For larger banks, those with more than $10 billion in assets, overdraft fee income has trended downward since 2015. Christopher Marinac, director of research at Janney Montgomery Scott, reported on this back in December 2021 after noting overdraft fees had declined for 23 quarters and expects this trend to continue into 2022. Despite the decline, regulators continue to focus on them, citing their role in the growth of wealth inequality. 

“[R]egulators have clearly sent a signal that they want those fees to either go away or be less emphasized,” Marinac says. “Like a lot of things in the regulatory world, this has been an area of focus and banks are going to find a way to make money elsewhere.”

For an industry that has evolved so rapidly over the last 10 years, overdraft fees represent a legacy banking service that has not adapted to today’s digital banking customer or the realistic cost to service this feature, says Darryl Knopp, senior director of portfolio marketing at the credit rating agency FICO. Knopp believes that an activities-based cost analysis would show just how mispriced these services actually are. It’s one reason why neobanks such as Chime have attracted customers boasting of lower fees. If banks were to think about overdrafts as access to short-term credit, that would change the pricing conversation to one of risk management. 

“Banks are way more efficient than they were 30 years ago, and they need to understand what the actual costs of these services are,’’ Knopp says. “The pricing has not changed since I got into banking, and that’s why [banks] are getting lapped by the fintechs.” 

Overdrafts aren’t going to disappear overnight, but some banks are getting ahead of the trend and taking action. Bank of America Corp., Wells Fargo & Co., and JPMorgan Chase & Co., which together brought in an estimated $2.8 billion in overdraft and NSF fee revenue in the first three quarters of 2021, recently announced reduced fees and implemented new grace periods, according to the Consumer Financial Protection Bureau. Capital One Financial Corp. announced the elimination of both overdraft and NSF fees back in December and Citigroup’s Citibank recently announced plans to eliminate overdraft fees, returned item fees, and overdraft protection fees. 

In April, $4.2 billion First Internet Bancorp of Fishers, Indiana, announced the removal of overdraft fees on personal and small business deposit accounts, but it continues to charge NSF fees when applicable.
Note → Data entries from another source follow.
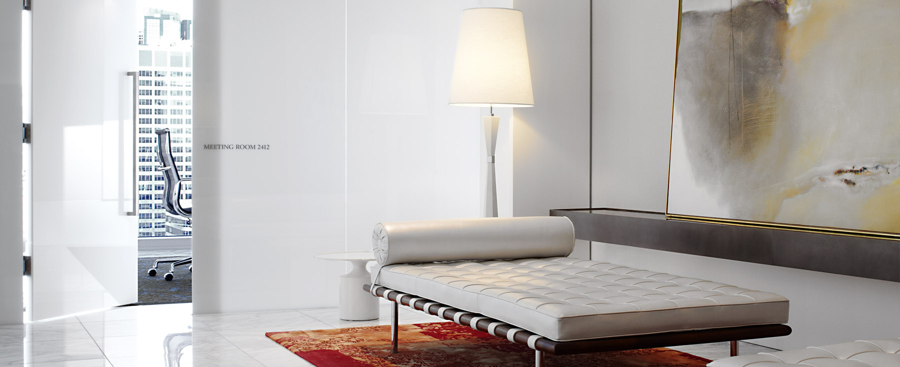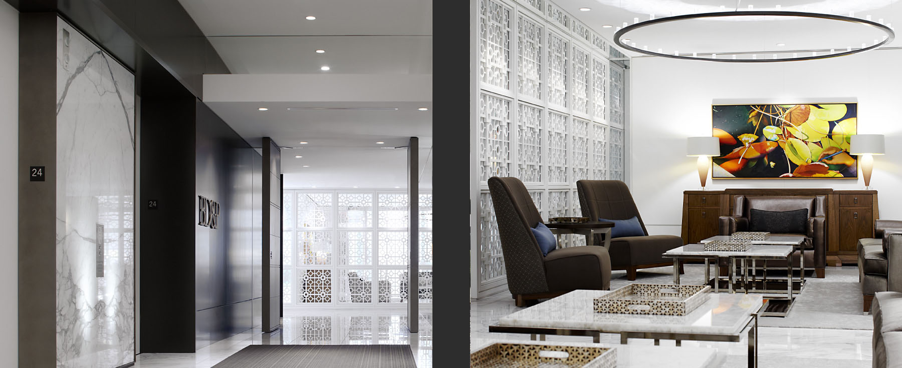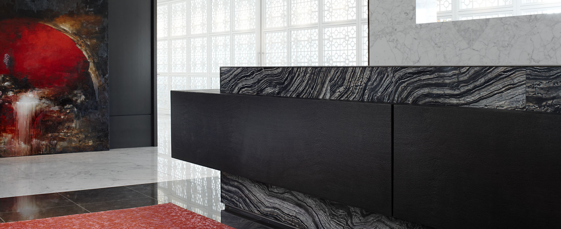 The simplified and refined finish palette utilizes highly contrasting materials such as white and charcoal lacquer trimmed in dark bronze set against white statuario veneto marble and black basalt flooring. This palette becomes a strong architectural backdrop for an extensive contemporary art collection. Lighting and furnishings incorporate traditionally inspired pieces with more contemporary designs.
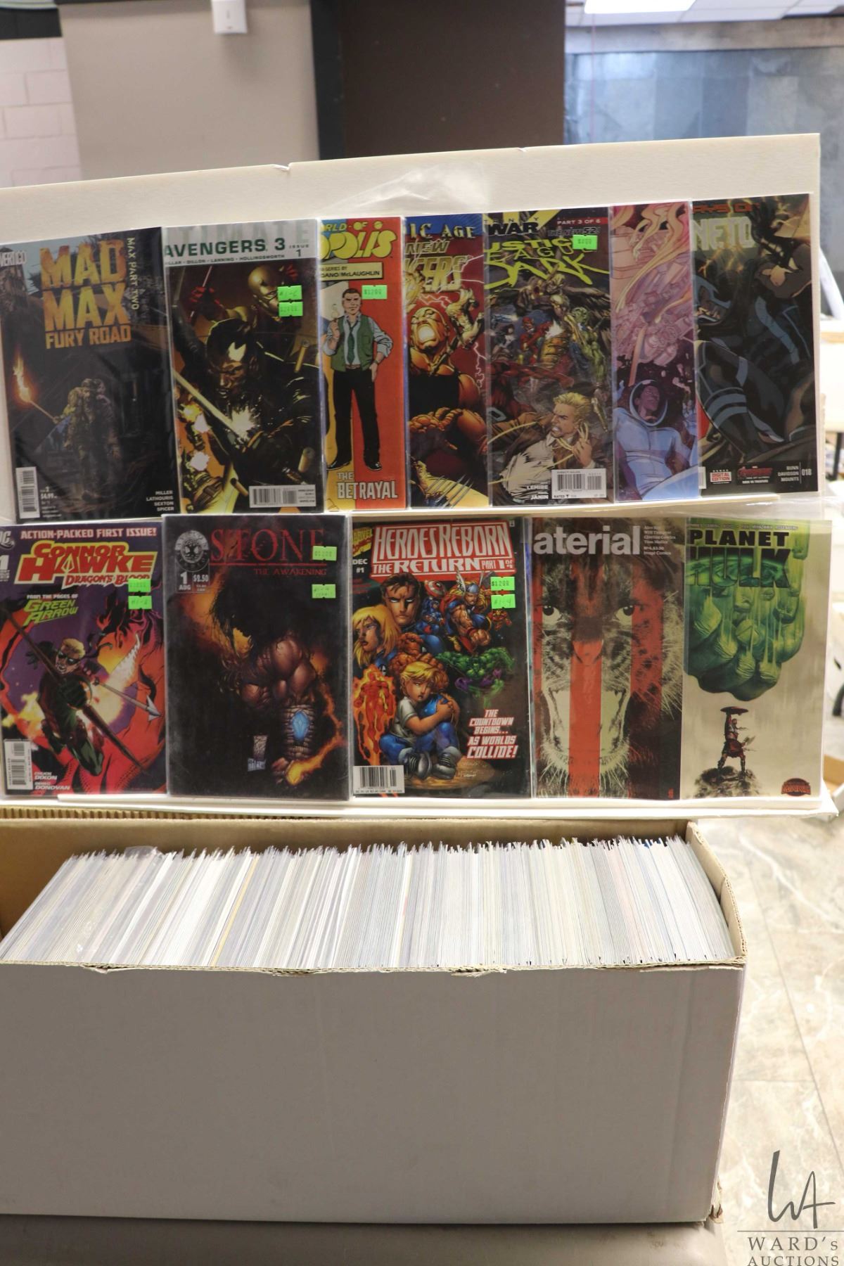 Box of approx. more than 300 comics including The New Avengers, Justice League, Kaptara, Material, Last Days of Magneto, Plantet Hulk, etc. Important: Pickup is in Edmonton. Long comic boxes (28 x 8 x 11.5 and 23kg) will be shipped in 2 boxes approximately 11 x 9 x 12 and 13kg each through Canada Post. Long boxes can be palletized for large invoices. Details to follow
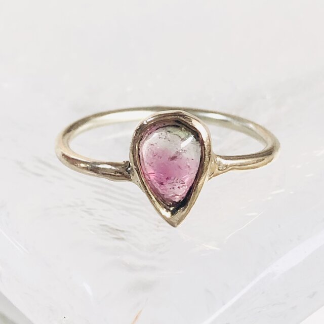 クリアとピンク、そしてほんの僅かなグリーンのバイカラーのトルマリンk10ゴールドリングです。
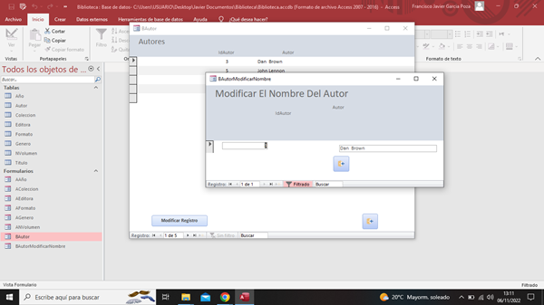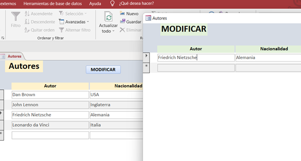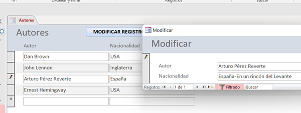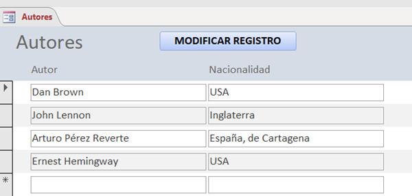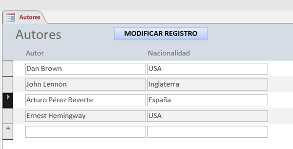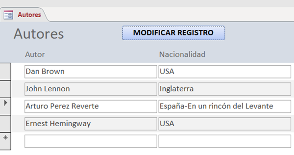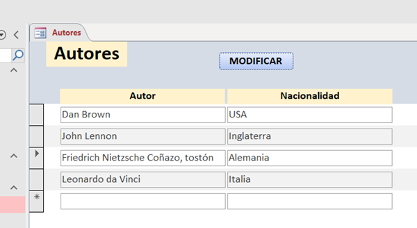 Además, da la impresión de que el formulario Modificar también tiene como origen de registros la propia tabla Autores ( no tendría sentido crear un formulario independiente y tener que insertar los valores que ya están en el formulario Autores). Por tanto, si ese es el caso
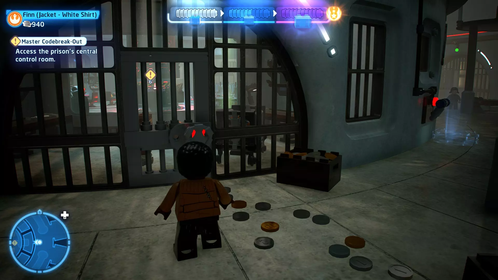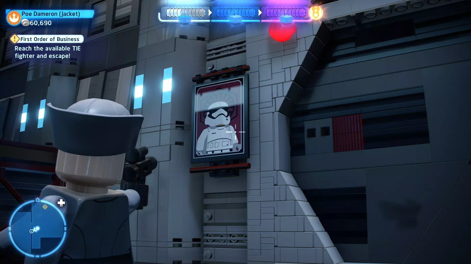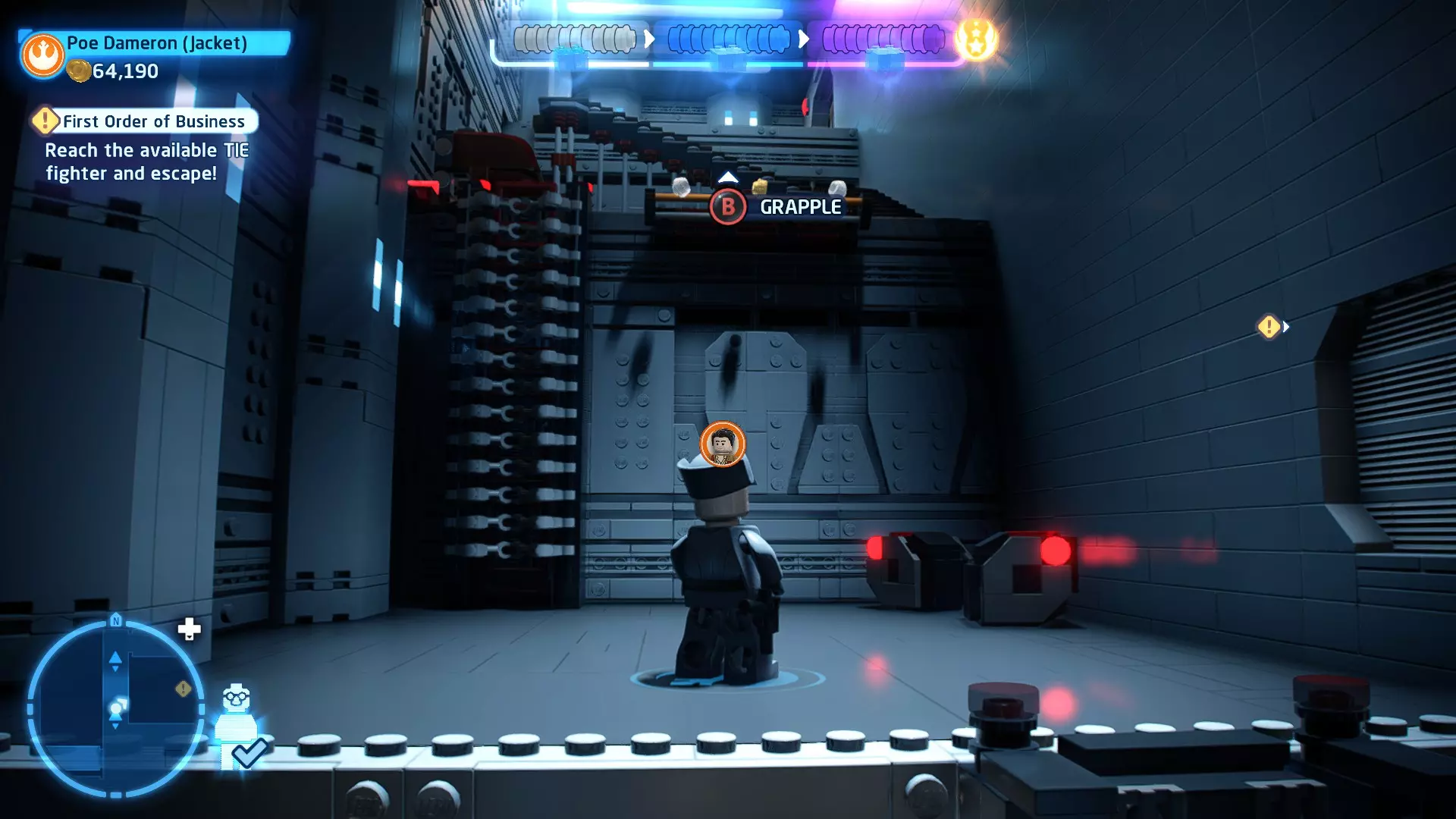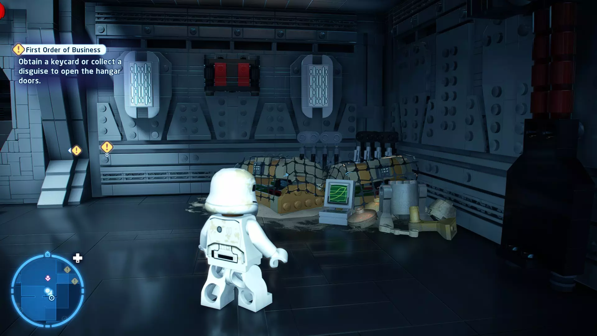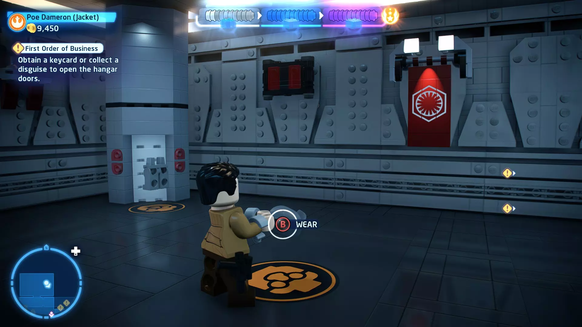 要完成此挑战,你需要在不被任何第一秩序部队发现的情况下抵达巴布的工坊。这意味着不能与任何第一秩序士兵战斗,不能向任何UA-TT开火,也不能进入黄色圆圈(代表士兵的视野范围)。小心穿过关卡,尽可能避免战斗。确保只有在波提示时,才能消灭第一道门后的士兵,否则他们会发现你。击败基吉米恶棍后,让出现的第一秩序巡逻队从你身边走过。到达最终庭院后,使用【潜行】或【清理庭院】方法(参见故事模式),在不被发现的情况下抵达巴布的工坊。如果你确实对此感到困难,你可以始终在自由游玩模式中进入该关卡,并将你的整个小队设置为反派或黑暗面角色,这样你就能直接从敌人身边走过。 挑战2 - 新指令 详情:在不触发警报的情况下,和平清理主庭院的冲锋队员。
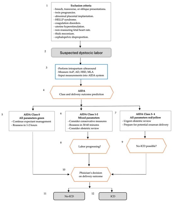 The 12-step process outlined in Figure 1 was designed to guide the management of suspected dystocic labor using the AIDA system. It began by excluding high-risk conditions, and then assessed labor using intrapartum ultrasound measurements. AIDA analyzed these to predict labor class and delivery outcome. For low-risk cases (Class 0), expectant management continued. Mixed-risk cases (Classes 1–2) received conservative measures and reassessment. High-risk cases (Classes 3–4) underwent urgent obstetric review and possible cesarean preparation. The process then evaluated labor progression and the possibility of non-instrumental delivery. Finally, the physician decided the delivery method based on all the information. The algorithm ended with either non-instrumental vaginal delivery or instrumental/cesarean delivery, balancing technological assessment with clinical judgment in managing dystocic labor.
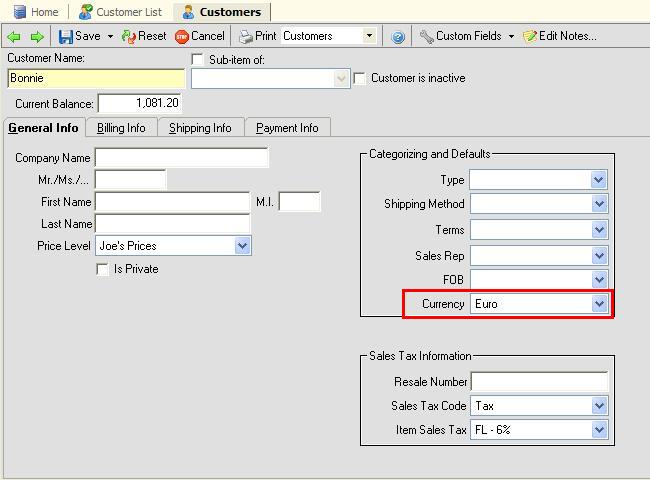 Now that you have set up the currencies, you must tell All Orders that a particular customer or vendor is foreign. You do this by opening up the customer or vendor editor and picking a currency from the 'Currency' drop down list.
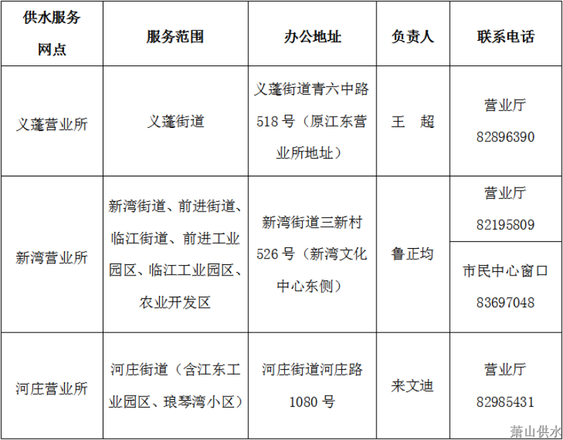 我公司因营业生长需要,,,,,决议自2020年8月24日起对钱塘新区供水服务网点作如下调解:

Nicole Lorch, president and chief operating officer at First Internet Bank, talked to Bank Director’s Vice President of Research Emily McCormick about the decision to make this change. She says overdrafts were not a key source of income for the bank and the executives wanted to emphasize their customer-centric approach to service. First Internet Bank’s internal data also found that overdraft fees tended toward accidental oversight by the customers, whereas NSF fees were more often the result of egregious behavior. 

“In the case of overdrafts,” says Lorch, “it felt like consumers could get themselves into the situation unintentionally, and we are not in this work to create hurdles for our customers.”

For banks that are grappling with the increased pressure to tackle this issue, there are other ways to get creative with overdraft and NSF fees. Last year, PNC Financial Services Group introduced its new “Low Cash Mode” offering, which comes with the Spend account inside of PNC’s Virtual Wallet. Low Cash Mode alerts customers to a low balance in their account. It gives customers the flexibility to choose which debits get processed, and provides a grace period of 24 hours or more to address an overdraft before charging a fee.

Banks that want to keep pace with the industry and are willing to take a proactive approach need to find ways to offer more personalized solutions. 

“The problem is not the overdraft fee,” says Ron Shevlin, chief research officer at Cornerstone Advisors. “It’s a liquidity management problem and it’s bigger than just overdrawing one’s account. Banks should see this as an opportunity to help customers with their specific liquidity management needs.” 

He says it’s time for the industry to move away from viewing overdrafts as a product and start thinking of it as a solutions-based service that can be personalized to a customer’s unique needs.

  • Bank Director Vice President of Research Emily McCormick contributed to this report.